In what might have been the most bearish 0.4-cent increase in recent memory, natural gas futures inched higher Monday in a session marked by technical wrangling. Selling was seen at the open and again in the afternoon by funds and local traders. Most of the morning meanwhile, was the domain of bulls as short-covering lifted the market just shy of Thursday’s $5.83 high. The May contract finished at $5.713, up .04-cents for the session, but more than a dime off its $5.82 high for the day.

With weather forecasts calling for normal and above-normal temperatures for the next week to ten days and with storage data likely to show a moderate sized injection this Thursday, natural gas market watchers have decidedly fewer bullish arrows in their quiver this week. According to Salomon Smith Barney Analyst Kyle Cooper, the moderation in weather last week will result in a estimated build of 41 to 51 Bcf in this Thursday’s Energy Information Administration storage report.

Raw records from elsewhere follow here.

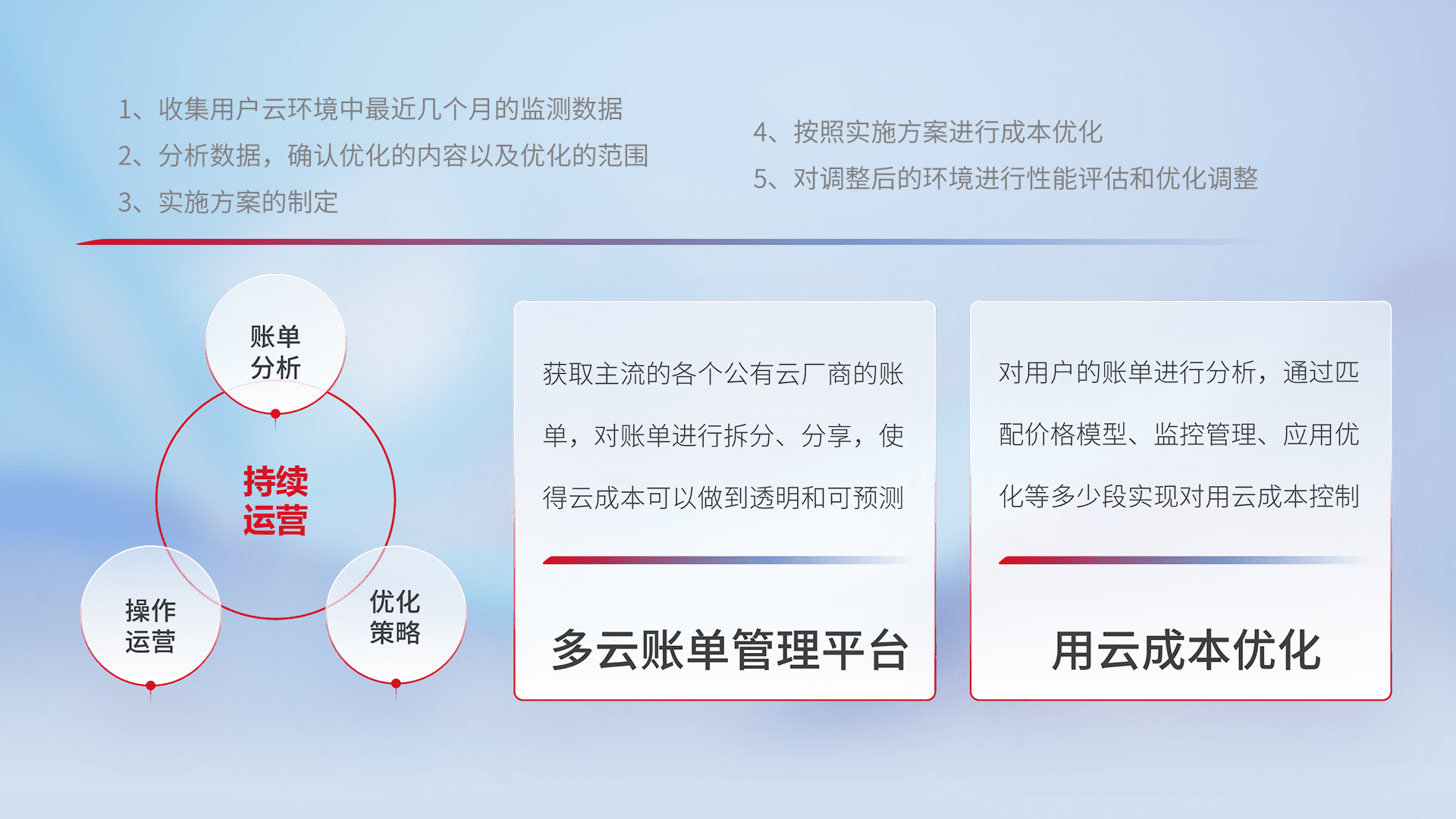 通过多云纳管,,,,以统一的资源数据模型把客户的云资源进行抽象和封装,,进而实现对多云资源的统一操作,,,,保障云资源管理的可靠性、、、稳定性与可用性。。量身定制化运维内容,,,,配置、、、开发运维、、、补丁管理、、、备份、、监控、、、、认证和访问管理、、、审计和日常巡检等,,,保障在用云过程中的可靠度,,稳定度以及高可用率。。。。
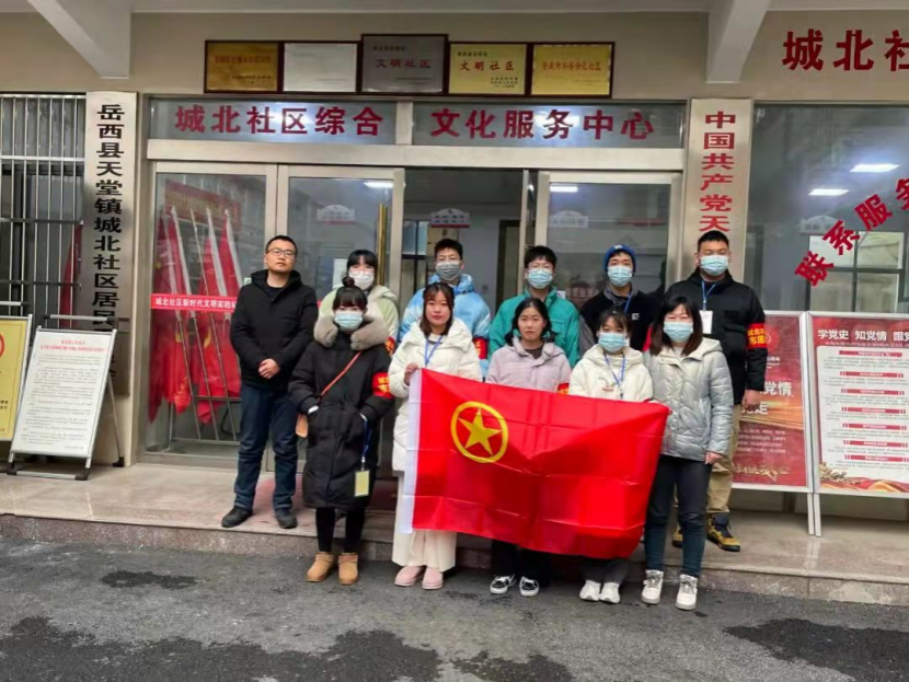 同样在今年寒假,一支由老员工兼职副书记牵头,社区返乡老员工、青年志愿者参加的11人志愿服务小分队迅速在岳西县天堂镇城北社区集结。来自2019级广告学专业的王再思便是其中的一员。
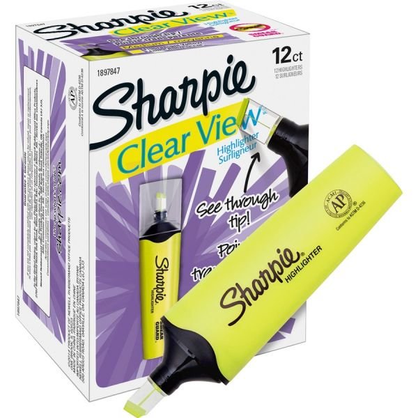 Sharpie Clearview Tank-Style Highlighter, Fluorescent Yellow Ink, Chisel Tip, Yellow/Black/Clear Barrel, Dozen – Features a unique, see-through tip that eliminates blind spots. Smear Guard ink technology resists smearing of many pen and marker inks (let ink dry before highlighting). Innovative, blade-style tip delivers precise highlighting with the ability to select different line widths.
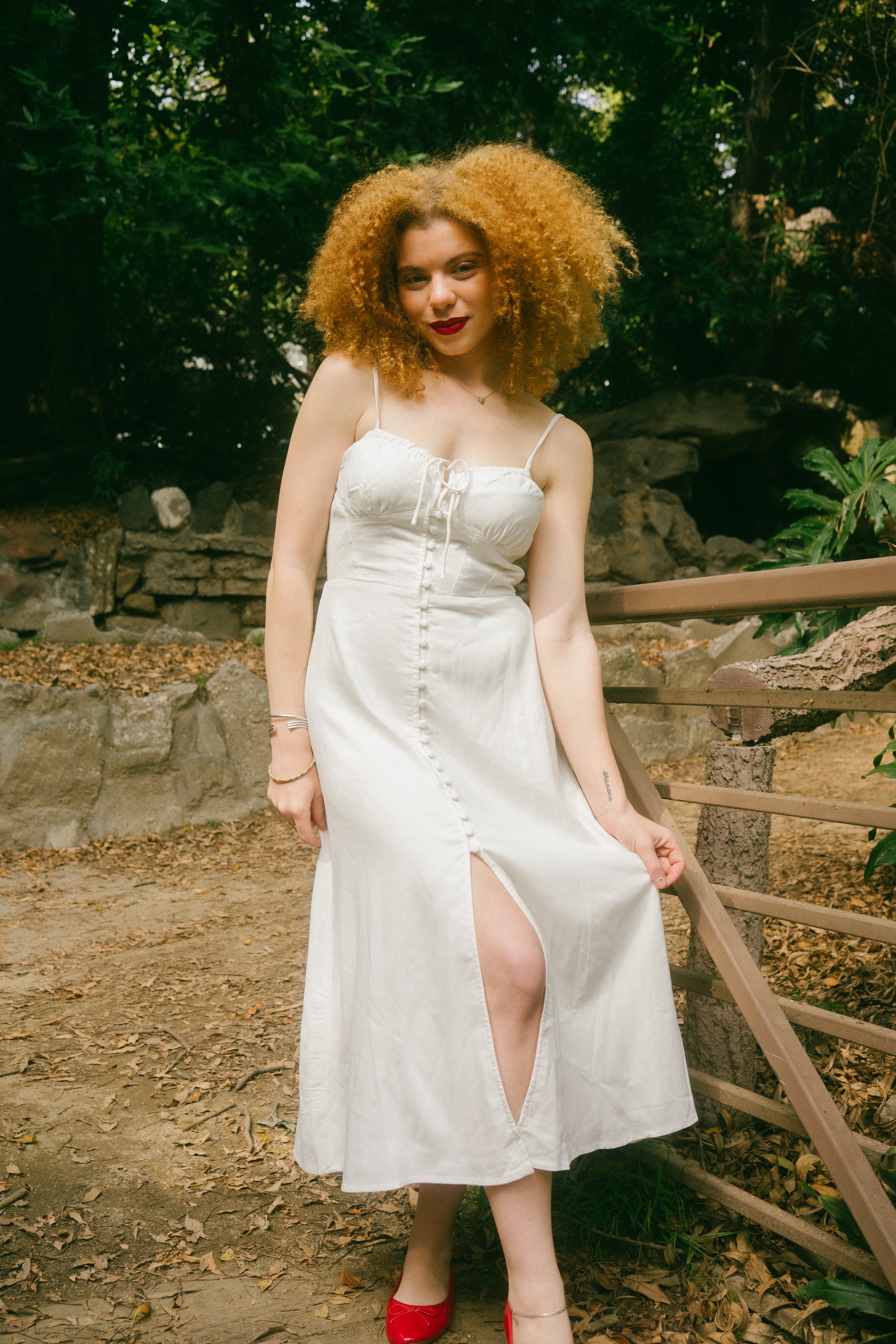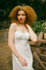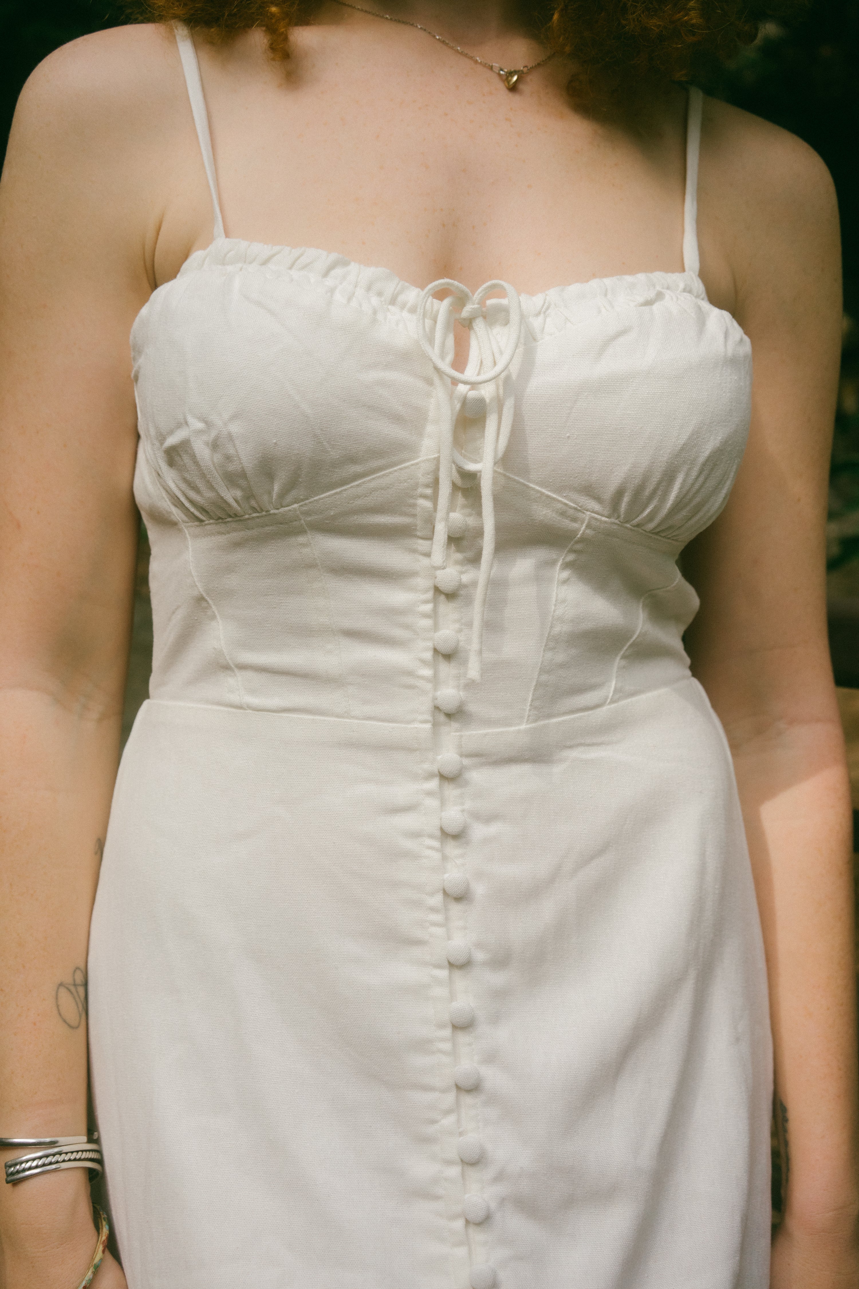 Timeless and gorgeous, the Clair Dress comes in a solid off-white hue and is decorated in functional fabricated buttons down the center of the bodice. This midi sundress has a square neckline, empire waistline and ties together with an oversized bow in the center of the neckline. It has vertical panneling details along the waistline and a romantic a-line style silhouette. Finished off with a smocked backside and timeless easy to wear silhouette, style with a dash of lipstick, spring slides and an oversized tote bag.
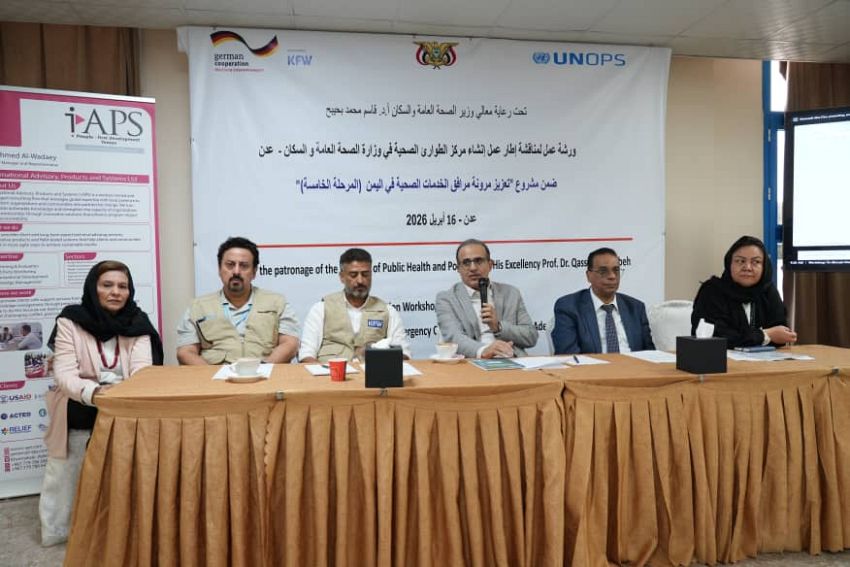 عقدت في العاصمة المؤقتة عدن، اليوم، ورشة عمل متخصصة لمناقشة إطار عمل إنشاء مركز عمليات طوارئ الصحة العامة في اليمن، وذلك ضمن مشروع تعزيز مرونة مرافق الخدمات الصحية (المرحلة الخامسة)، بدعم من بنك التنمية الالماني.
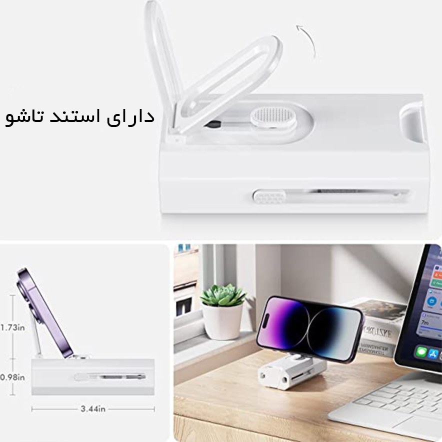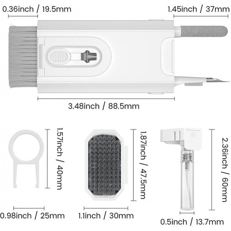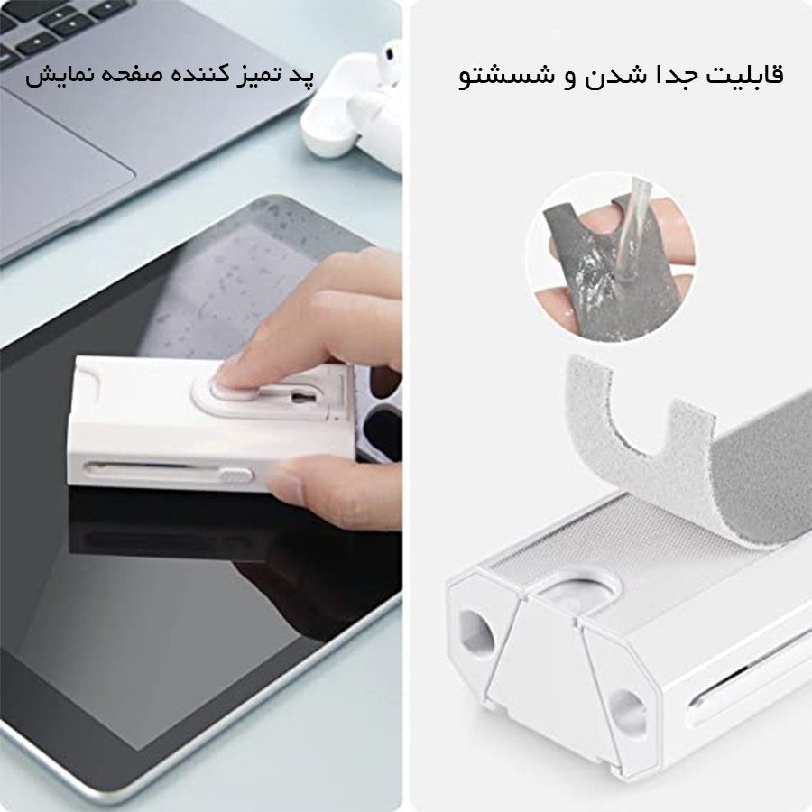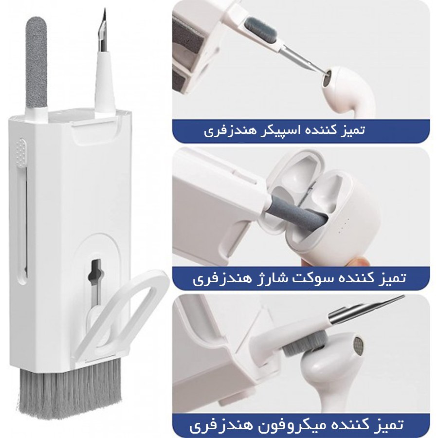 وزن فقط 90 گرم |دارای هلدر موبایل |دارای مینی برس برای تمیز کردن کیبورد |دارای اسپری تمیز کننده |دارای پارچه میکروفیبر |دارای انبر جهت جداسازی قطعات |دارای سه قلم با ابعاد و کارکرد مختلف

Last Thursday the market was shocked by a 48 Bcf withdrawal for the week ending April 11. A year ago the market injected 69 Bcf and the five-year injection for this week has averaged 36 Bcf. Driven by back-to-back weekly storage withdrawals, U.S. underground stocks currently stand at just 623 Bcf, which is a record low and is nearly 50% less than the five-year average for this time of year. Translation: While slightly bearish in the near-term, storage is still a card solidly stacked in bull traders’ deck.

Storage may not be the only factor out there that is sending the market mixed signals. Also open to interpretation are technical factors, which have been bullish, but are now suggesting the market may have hit an intermediate-term top. “We put in a non-trend day on Thursday and then failed to take out the high [Monday],” said Tom Saal of Commercial Brokerage Corp. in Miami. “Whenever you settle for the week so close to that week’s high, it is a good bet that you will test that level on the open Monday. We pushed within a penny of last week’s high of $5.83, but ultimately came up short,” he continued.

While not yet ready to throw in the towel on the “up phase,” Craig Coberly of GSC Energy in Atlanta acknowledges that the market may have a difficult time reaching his objective of $6.13. “On Thursday I thought gas might reach the $6.13 area during the first ‘up’ phase; however, this now looks problematical and the first ‘up’ may be complete,” he wrote in a note to customers Monday.

Specifically, Coberly looks for a daily close in June futures below Gann support in the $5.65-67 area. “When gas closed below this support line, we’ll look for sideways to lower prices for about a week to ten days as the ‘down’ phase retraces some portion of the rally we’ve seen sine the April highs. Returning to the $5.36-47 area is a reasonable alternative.”